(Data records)
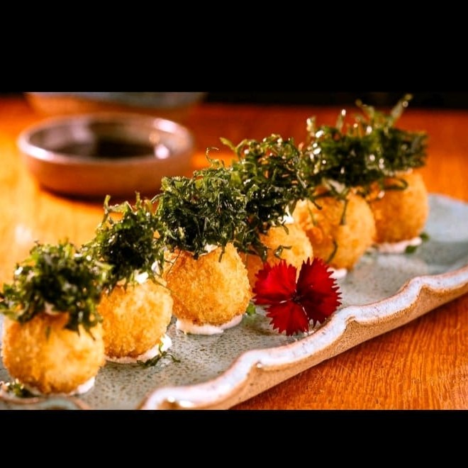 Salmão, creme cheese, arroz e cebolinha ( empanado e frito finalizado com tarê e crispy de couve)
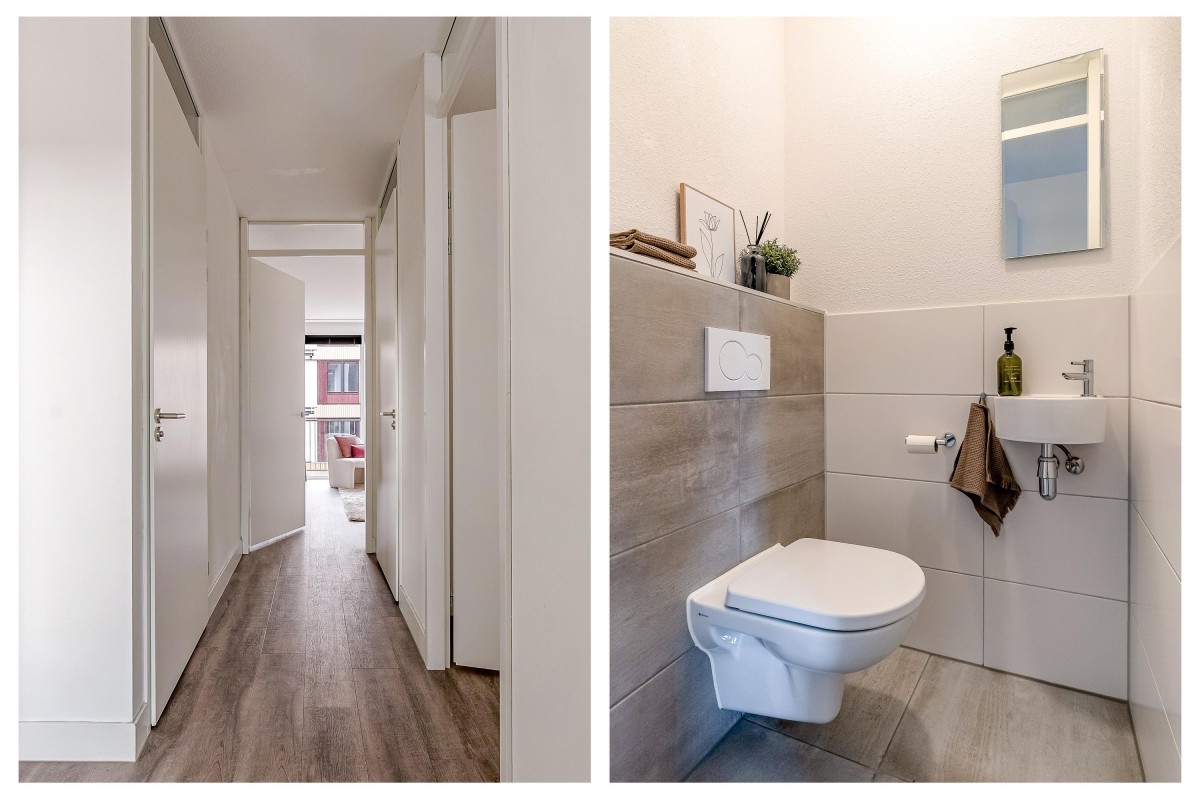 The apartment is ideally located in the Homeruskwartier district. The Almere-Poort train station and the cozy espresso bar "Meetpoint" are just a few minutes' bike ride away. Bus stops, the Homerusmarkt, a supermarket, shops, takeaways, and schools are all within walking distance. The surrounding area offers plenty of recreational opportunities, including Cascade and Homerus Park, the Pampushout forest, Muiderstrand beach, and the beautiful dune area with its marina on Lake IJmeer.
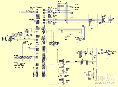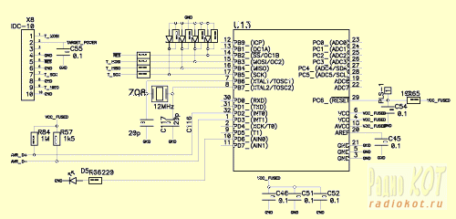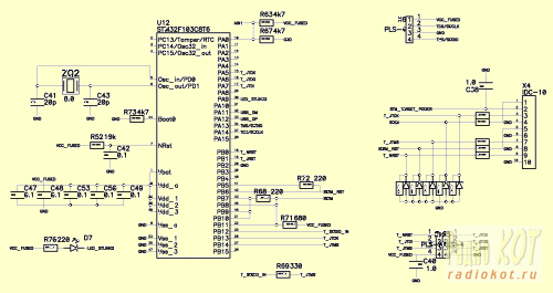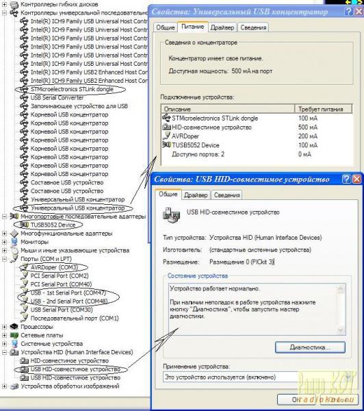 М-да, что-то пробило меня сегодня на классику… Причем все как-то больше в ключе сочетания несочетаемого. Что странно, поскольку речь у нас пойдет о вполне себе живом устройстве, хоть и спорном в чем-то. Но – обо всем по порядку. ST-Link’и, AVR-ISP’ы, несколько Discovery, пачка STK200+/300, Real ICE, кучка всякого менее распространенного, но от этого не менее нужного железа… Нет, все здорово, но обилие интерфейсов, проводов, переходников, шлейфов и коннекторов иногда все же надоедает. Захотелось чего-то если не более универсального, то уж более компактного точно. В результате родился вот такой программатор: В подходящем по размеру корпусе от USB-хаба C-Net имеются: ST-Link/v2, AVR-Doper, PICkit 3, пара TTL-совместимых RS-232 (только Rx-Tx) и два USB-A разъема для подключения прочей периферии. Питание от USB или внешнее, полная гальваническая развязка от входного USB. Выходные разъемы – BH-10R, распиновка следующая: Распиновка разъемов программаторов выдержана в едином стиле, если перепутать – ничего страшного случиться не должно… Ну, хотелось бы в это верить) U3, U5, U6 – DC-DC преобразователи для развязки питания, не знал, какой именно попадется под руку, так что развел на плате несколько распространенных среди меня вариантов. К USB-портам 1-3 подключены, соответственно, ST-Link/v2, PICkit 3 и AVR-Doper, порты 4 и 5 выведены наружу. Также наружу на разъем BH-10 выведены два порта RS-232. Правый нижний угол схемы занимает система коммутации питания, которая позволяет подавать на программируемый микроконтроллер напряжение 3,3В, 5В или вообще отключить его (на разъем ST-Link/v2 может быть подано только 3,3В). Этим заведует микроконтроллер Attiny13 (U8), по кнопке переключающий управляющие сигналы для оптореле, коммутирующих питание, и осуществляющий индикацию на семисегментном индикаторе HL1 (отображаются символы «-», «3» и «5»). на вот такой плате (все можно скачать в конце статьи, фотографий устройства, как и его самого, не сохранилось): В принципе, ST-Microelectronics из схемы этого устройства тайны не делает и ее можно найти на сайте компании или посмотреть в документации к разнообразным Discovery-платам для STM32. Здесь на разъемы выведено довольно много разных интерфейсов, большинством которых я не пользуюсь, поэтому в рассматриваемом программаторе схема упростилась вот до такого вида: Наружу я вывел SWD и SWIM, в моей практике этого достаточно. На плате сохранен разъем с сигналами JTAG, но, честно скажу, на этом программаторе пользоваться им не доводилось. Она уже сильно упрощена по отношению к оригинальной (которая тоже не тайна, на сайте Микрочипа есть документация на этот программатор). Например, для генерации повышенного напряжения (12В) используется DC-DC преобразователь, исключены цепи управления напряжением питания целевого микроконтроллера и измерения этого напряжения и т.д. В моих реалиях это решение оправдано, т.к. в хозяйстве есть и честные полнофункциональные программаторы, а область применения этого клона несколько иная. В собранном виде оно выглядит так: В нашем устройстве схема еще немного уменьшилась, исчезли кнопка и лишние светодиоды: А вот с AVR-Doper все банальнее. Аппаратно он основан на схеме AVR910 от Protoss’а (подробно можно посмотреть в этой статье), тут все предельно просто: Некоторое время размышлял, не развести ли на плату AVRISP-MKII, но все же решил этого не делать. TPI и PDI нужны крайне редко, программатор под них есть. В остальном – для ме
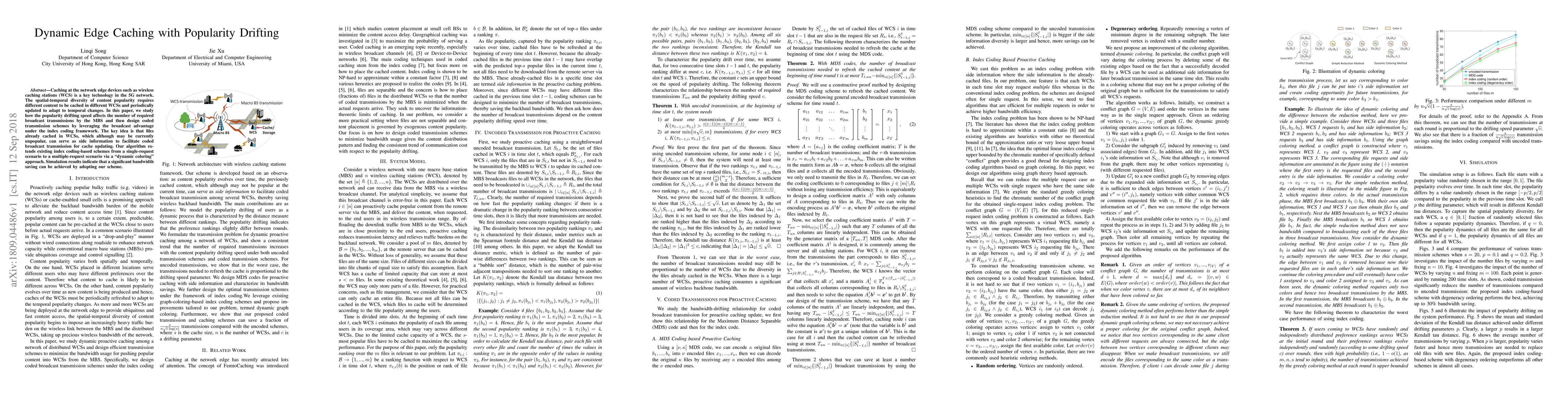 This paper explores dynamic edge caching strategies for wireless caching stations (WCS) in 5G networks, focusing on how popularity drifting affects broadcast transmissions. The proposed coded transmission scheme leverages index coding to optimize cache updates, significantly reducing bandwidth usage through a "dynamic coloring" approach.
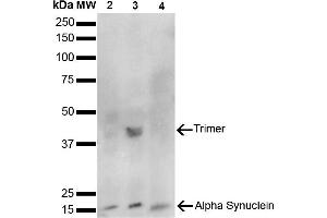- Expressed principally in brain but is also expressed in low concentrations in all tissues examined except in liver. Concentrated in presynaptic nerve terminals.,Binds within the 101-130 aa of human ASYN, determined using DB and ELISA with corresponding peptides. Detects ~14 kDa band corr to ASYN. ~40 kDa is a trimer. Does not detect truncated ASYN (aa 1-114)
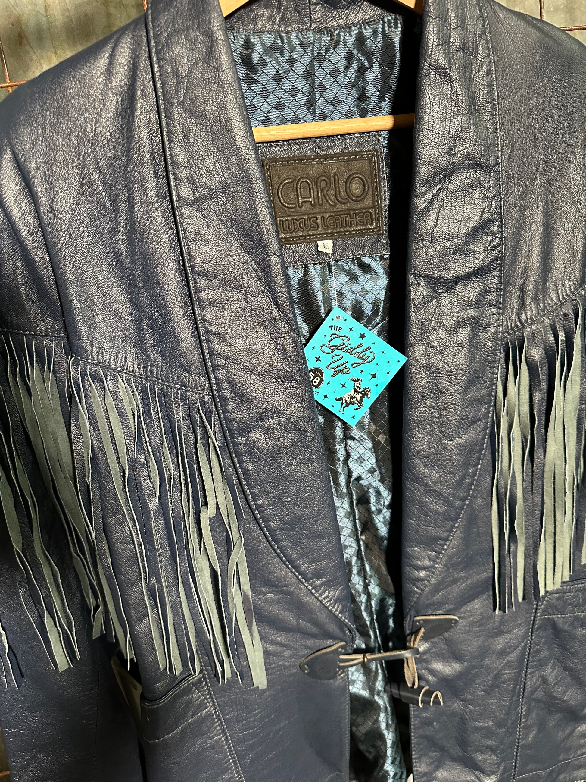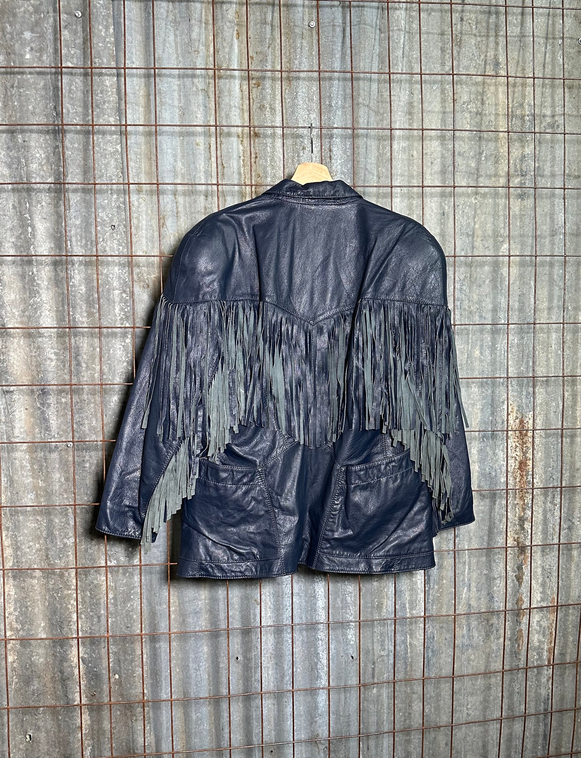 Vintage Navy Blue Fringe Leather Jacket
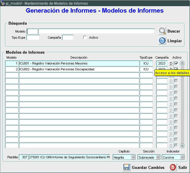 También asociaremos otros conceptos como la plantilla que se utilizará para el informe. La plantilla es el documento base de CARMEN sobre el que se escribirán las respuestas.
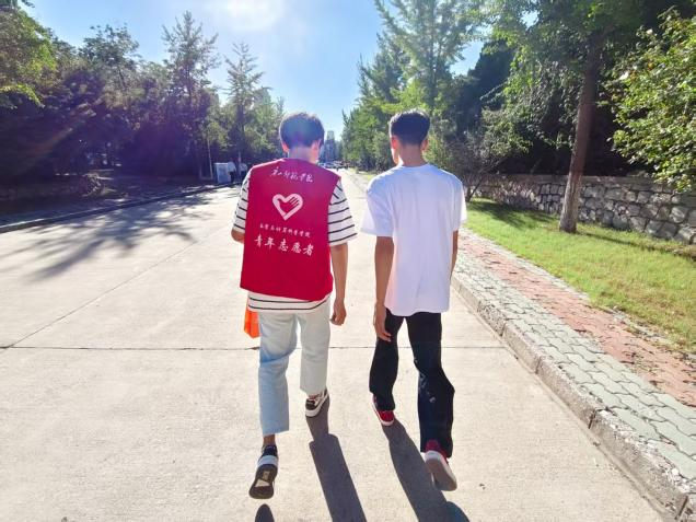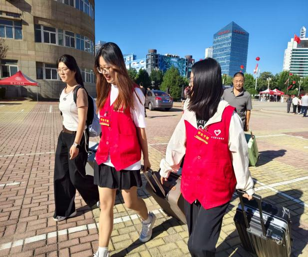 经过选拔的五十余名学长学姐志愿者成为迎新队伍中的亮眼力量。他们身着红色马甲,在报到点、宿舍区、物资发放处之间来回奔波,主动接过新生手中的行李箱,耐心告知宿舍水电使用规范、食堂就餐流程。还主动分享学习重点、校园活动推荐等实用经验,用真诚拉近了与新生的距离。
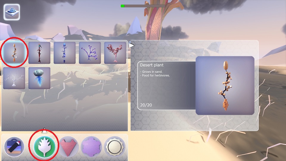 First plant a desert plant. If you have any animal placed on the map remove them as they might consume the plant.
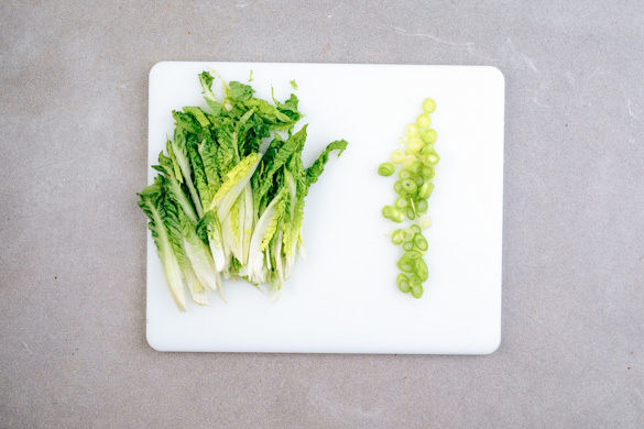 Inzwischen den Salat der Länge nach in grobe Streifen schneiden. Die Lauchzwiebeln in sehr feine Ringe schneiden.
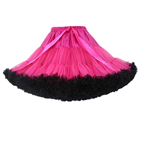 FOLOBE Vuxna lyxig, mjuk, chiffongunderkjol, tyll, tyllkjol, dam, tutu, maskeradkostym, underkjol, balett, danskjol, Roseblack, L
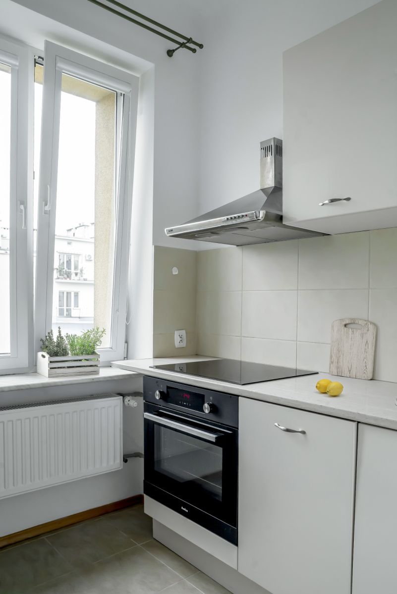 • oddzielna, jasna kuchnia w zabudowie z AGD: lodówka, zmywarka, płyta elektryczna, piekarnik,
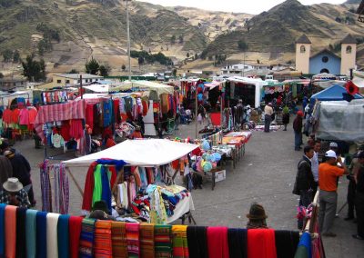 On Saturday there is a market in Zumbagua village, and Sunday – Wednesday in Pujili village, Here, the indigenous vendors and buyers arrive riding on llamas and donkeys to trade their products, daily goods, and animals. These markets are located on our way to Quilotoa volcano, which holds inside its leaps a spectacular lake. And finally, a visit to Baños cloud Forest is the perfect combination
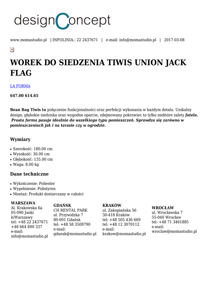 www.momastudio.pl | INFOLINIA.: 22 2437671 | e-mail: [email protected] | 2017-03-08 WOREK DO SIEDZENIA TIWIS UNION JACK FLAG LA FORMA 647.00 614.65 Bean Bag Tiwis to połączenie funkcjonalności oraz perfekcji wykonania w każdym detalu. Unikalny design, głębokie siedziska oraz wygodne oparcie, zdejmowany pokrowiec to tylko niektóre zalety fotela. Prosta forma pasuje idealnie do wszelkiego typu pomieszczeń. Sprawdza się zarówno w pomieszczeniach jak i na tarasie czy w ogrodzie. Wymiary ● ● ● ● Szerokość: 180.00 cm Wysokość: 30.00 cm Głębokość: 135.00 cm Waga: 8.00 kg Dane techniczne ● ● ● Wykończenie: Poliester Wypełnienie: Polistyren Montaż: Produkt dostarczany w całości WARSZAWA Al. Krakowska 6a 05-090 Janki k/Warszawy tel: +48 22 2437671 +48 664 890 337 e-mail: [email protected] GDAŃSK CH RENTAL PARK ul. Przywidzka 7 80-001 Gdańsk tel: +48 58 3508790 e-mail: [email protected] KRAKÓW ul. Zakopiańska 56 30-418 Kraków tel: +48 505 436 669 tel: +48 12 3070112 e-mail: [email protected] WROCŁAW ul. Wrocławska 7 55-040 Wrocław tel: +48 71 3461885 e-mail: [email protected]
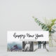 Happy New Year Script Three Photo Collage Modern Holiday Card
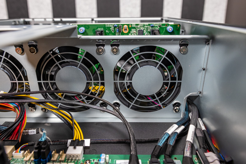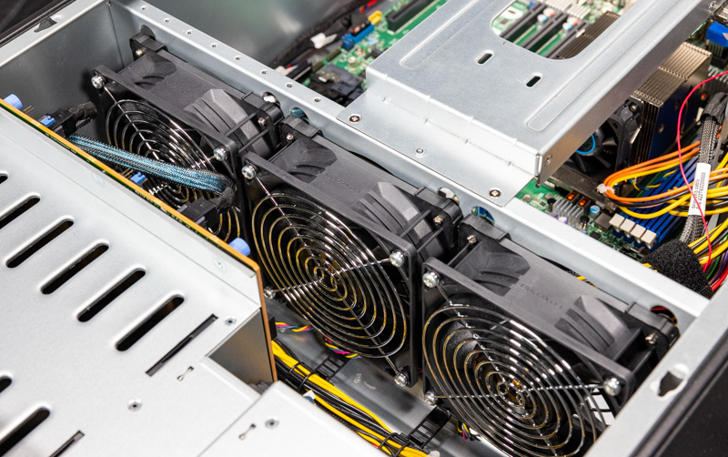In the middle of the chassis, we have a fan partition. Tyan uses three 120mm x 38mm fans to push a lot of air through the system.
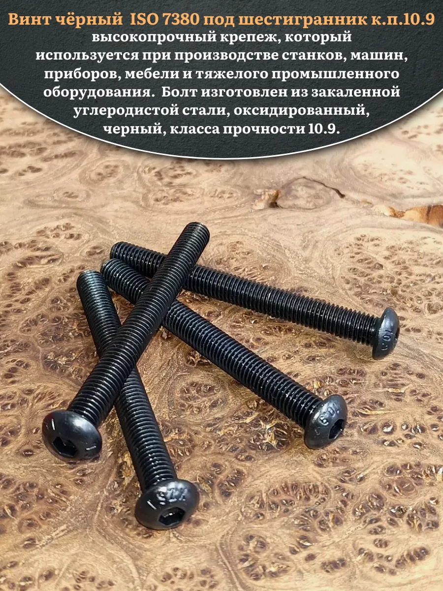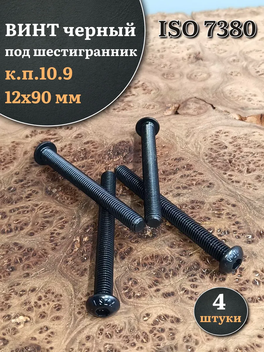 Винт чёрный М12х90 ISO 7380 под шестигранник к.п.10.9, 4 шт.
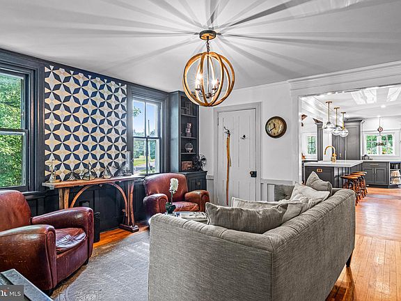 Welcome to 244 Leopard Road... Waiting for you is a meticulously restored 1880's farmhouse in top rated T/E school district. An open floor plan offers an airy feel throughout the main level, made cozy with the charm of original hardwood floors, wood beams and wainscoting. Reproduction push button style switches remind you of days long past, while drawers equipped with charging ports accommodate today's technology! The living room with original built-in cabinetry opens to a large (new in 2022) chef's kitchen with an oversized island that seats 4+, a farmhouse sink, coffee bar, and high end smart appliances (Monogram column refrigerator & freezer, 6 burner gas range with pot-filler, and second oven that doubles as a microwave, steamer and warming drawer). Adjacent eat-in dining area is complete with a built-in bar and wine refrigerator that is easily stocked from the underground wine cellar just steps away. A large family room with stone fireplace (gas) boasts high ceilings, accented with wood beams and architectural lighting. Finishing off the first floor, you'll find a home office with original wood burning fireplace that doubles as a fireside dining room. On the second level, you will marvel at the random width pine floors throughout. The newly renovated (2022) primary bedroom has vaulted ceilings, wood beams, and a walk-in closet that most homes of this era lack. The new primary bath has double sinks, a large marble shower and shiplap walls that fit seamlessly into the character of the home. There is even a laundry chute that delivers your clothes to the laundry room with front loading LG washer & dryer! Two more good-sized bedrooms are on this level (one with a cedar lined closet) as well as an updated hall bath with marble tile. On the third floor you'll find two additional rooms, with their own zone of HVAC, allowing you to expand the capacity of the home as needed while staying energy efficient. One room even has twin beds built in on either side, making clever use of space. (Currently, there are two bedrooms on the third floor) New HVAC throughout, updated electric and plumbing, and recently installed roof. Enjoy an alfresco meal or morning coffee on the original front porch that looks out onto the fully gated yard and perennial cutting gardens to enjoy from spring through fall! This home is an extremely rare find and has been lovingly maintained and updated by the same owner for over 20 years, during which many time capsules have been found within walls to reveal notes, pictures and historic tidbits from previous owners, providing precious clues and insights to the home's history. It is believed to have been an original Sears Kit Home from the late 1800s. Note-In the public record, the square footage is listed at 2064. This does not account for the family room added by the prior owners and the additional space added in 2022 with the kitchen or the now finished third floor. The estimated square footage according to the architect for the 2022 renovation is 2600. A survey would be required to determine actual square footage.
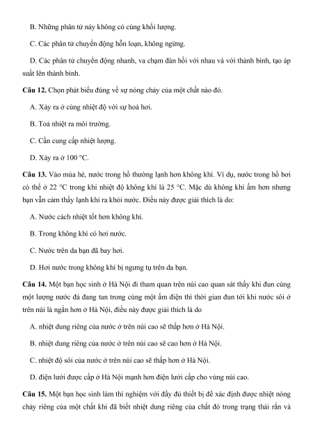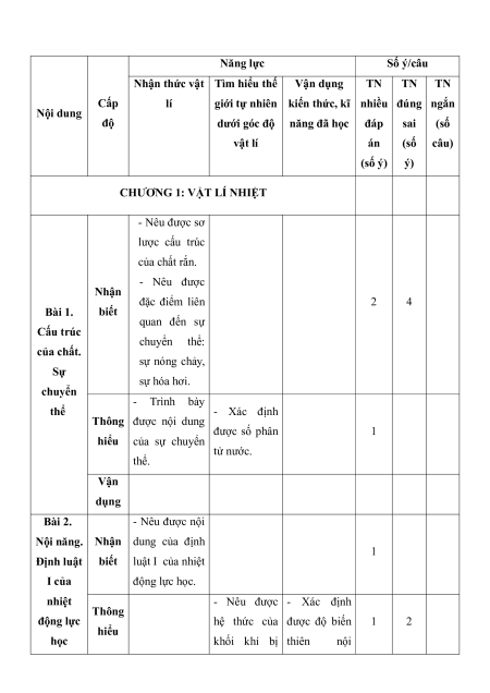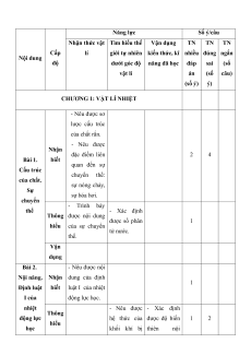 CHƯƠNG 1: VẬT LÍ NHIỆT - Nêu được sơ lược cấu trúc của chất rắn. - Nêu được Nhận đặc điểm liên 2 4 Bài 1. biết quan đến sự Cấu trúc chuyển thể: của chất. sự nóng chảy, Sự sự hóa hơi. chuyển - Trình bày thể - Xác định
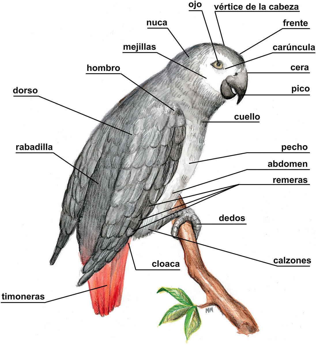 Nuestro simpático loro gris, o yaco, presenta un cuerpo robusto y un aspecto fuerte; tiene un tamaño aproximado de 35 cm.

* Exercise: Please transcribe exactly the lines from the one containing "CHƯƠNG 1: VẬT" through the final line of the data, including both, and nothing else. Pictures are to be left out.

* Worked solution:
 CHƯƠNG 1: VẬT LÍ NHIỆT - Nêu được sơ lược cấu trúc của chất rắn. - Nêu được Nhận đặc điểm liên 2 4 Bài 1. biết quan đến sự Cấu trúc chuyển thể: của chất. sự nóng chảy, Sự sự hóa hơi. chuyển - Trình bày thể - Xác định
 Nuestro simpático loro gris, o yaco, presenta un cuerpo robusto y un aspecto fuerte; tiene un tamaño aproximado de 35 cm.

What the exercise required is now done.